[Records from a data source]
────────

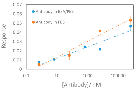 Calibration curves for the response function of the severe acute respiratory syndrome coronavirus 2 (SARS-CoV-2) antibodies in PBS diluted in aqueous BSA solution (blue points and curve) and in FBS (orange points and orange curve).
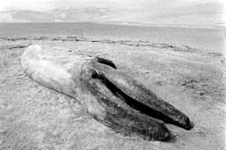 Cadáver de ballenato en una zona de dunas frente a la laguna
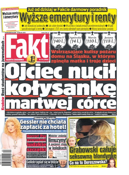 Wstrząsające kulisy pożaru domu na Śląsku, w którym zginęła matka i troje dzieci; dla dziecka polityka miejsce znalazło się od ręki – zwykły rodzic został odesłany z kwitkiem; co robi polityk PiS, Adam Hofman, kiedy zepsuje mu się samochód – wymienia go na lepszy model; szokujące wyznanie gitarzysty Dody; Magda Gessler nie chciała zapłacić za hotel w Słupsku; Legia nie potrzebuje Ljuboji; przed sobotnim meczem z Legią przy Bułgarskiej zamykają treningi; Kiessling wyprzedził Lewandowskiego; Gollob szaleje w błocie.
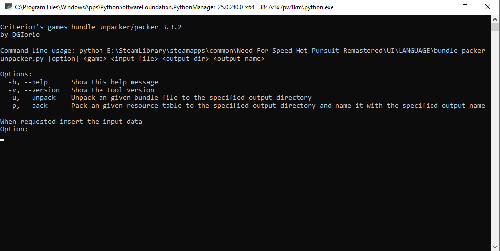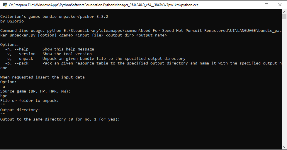 - Откройте "bundle_packer_unpacker.py" через командную строку;
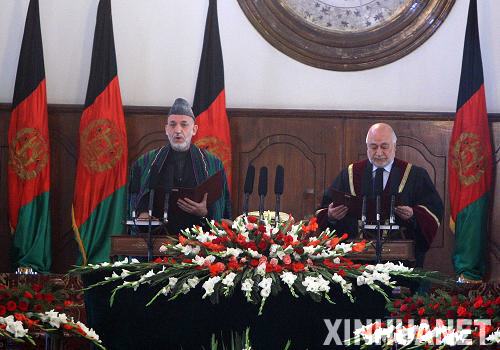 最終,卡爾扎伊在兩名副總統穆罕默德·法希姆和穆罕默德·卡里姆·哈利利陪同下宣誓就職。

────────

# Your task:
Leaving the pictures aside, give back all the records exactly as they are.

# Task solution:
 Calibration curves for the response function of the severe acute respiratory syndrome coronavirus 2 (SARS-CoV-2) antibodies in PBS diluted in aqueous BSA solution (blue points and curve) and in FBS (orange points and orange curve).
 Cadáver de ballenato en una zona de dunas frente a la laguna
 Wstrząsające kulisy pożaru domu na Śląsku, w którym zginęła matka i troje dzieci; dla dziecka polityka miejsce znalazło się od ręki – zwykły rodzic został odesłany z kwitkiem; co robi polityk PiS, Adam Hofman, kiedy zepsuje mu się samochód – wymienia go na lepszy model; szokujące wyznanie gitarzysty Dody; Magda Gessler nie chciała zapłacić za hotel w Słupsku; Legia nie potrzebuje Ljuboji; przed sobotnim meczem z Legią przy Bułgarskiej zamykają treningi; Kiessling wyprzedził Lewandowskiego; Gollob szaleje w błocie.
 - Откройте "bundle_packer_unpacker.py" через командную строку;
 最終,卡爾扎伊在兩名副總統穆罕默德·法希姆和穆罕默德·卡里姆·哈利利陪同下宣誓就職。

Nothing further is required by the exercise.